Securities registered pursuant to Section 12(b) of the Act:

 

Title of each class   Trading Symbol(s)   Name of each exchange on which registered
Common Stock, $0.01 par value per share   IDXG   The Nasdaq Stock Market LLC

 

 

 

     
 

 

Item 8.01 Other Events

 

Interpace Diagnostics Group, Inc. (the “Company”) is including additional risk factors in this Current Report on Form 8-K related to the acquisition (the “Acquisition”) of the biopharma services business (the “BioPharma Business”) of Cancer Genetics, Inc. (“CGI”) (previously disclosed and described more fully in the Form 8-K filed with the Securities and Exchange Commission (the “SEC”) on July 19, 2019 and the Quarterly Report on Form 10-Q for the fiscal quarter ended June 30, 2019 filed with the SEC on August 13, 2019) to update the risk factors previously disclosed in its Annual Report on Form 10-K for the year ended December 31, 2018, filed with the SEC pursuant to the Exchange Act.
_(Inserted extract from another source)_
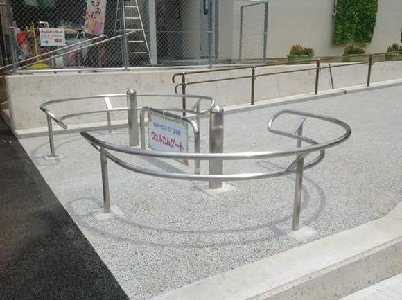 公園や商業施設の入場ゲート口などに設置される事が多い、車椅子や徒歩での入場は制限せずにバイクなどが勝手に入場する事を制限するステンレス製の人と車椅子入場ゲート。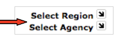 In order to register for an agency you will need to select that agency from the drop down menus on the right-hand side of the page. Click on Select Region to choose the State and Select Agency to choose the agency you are registering with from the list.

The additional risk factors set forth below, supplement the risk factors set forth in the Company’s Annual Report on Form 10-K for the year ended December 31, 2018, and shall be deemed “filed” for purposes of Section 18 of the Exchange Act.

 

Risks Related to the Acquisition of the BioPharma Business

 

We may not realize all of the anticipated benefits of the acquisition of the BioPharma Business or those benefits may take longer to realize than expected. We may also encounter significant unexpected difficulties in integrating the BioPharma Business.

 

Our ability to realize the anticipated benefits of the Acquisition of the BioPharma Business of CGI will depend, to a large extent, on our ability to integrate the BioPharma Business. The combination of two independent businesses is a complex, costly and time-consuming process. As a result, we will be required to devote significant management attention and resources to integrating the business practices and operations of the BioPharma Business with our existing diagnostic business practices and operations. The integration process may disrupt the businesses and, if implemented ineffectively or if impacted by unforeseen negative economic or market conditions or other factors, we may not realize the full anticipated benefits of the Acquisition. Our failure to meet the challenges involved in integrating the two businesses to realize the anticipated benefits of the Acquisition could cause an interruption of, or a loss of momentum in, our activities and could adversely affect our results of operations.

 

In addition, the overall integration of the businesses may result in material unanticipated problems, expenses, liabilities, competitive responses, loss of customer relationships, and diversion of management’s attention. The difficulties of combining the operations of the companies include but are not limited to:

 

  diversion of management’s attention from the management of daily operations to integration matters;
  difficulties in achieving anticipated cost savings, synergies, business opportunities and growth prospects from combining the BioPharma Business with our diagnostic business;
  difficulties entering new markets or new laboratory or data management services where we have no or limited direct prior experience;
  difficulties in the integration of operations and systems;
  difficulties in the assimilation of employees;
  difficulties in retaining employees who may be vital to the integration of departments, information technology systems, including accounting systems, technologies, books and records, and procedures, and maintaining uniform standards, such as internal accounting controls, procedures, and policies;
  difficulties in the assimilation of different corporate cultures and business practices;
  difficulties in managing the expanded operations of a significantly larger and more complex company;
  potential deterioration in the sales and revenues of the tests and services of the Biopharma Business;
  difficulties in effectively separating the BioPharma Business from CGI’s former clinical business;
  difficulties in successfully executing the terms and conditions of the transition services agreement with CGI entered into at the time of the Acquisition;
  costs and expenses associated with successfully executing the terms and conditions of the transition services agreement with CGI;
  costs and expenses associated with any undisclosed or potential liabilities;
  successfully managing relationships with our new strategic partners, suppliers and customer base; and
  challenges in maintaining existing, and establishing new business relationships.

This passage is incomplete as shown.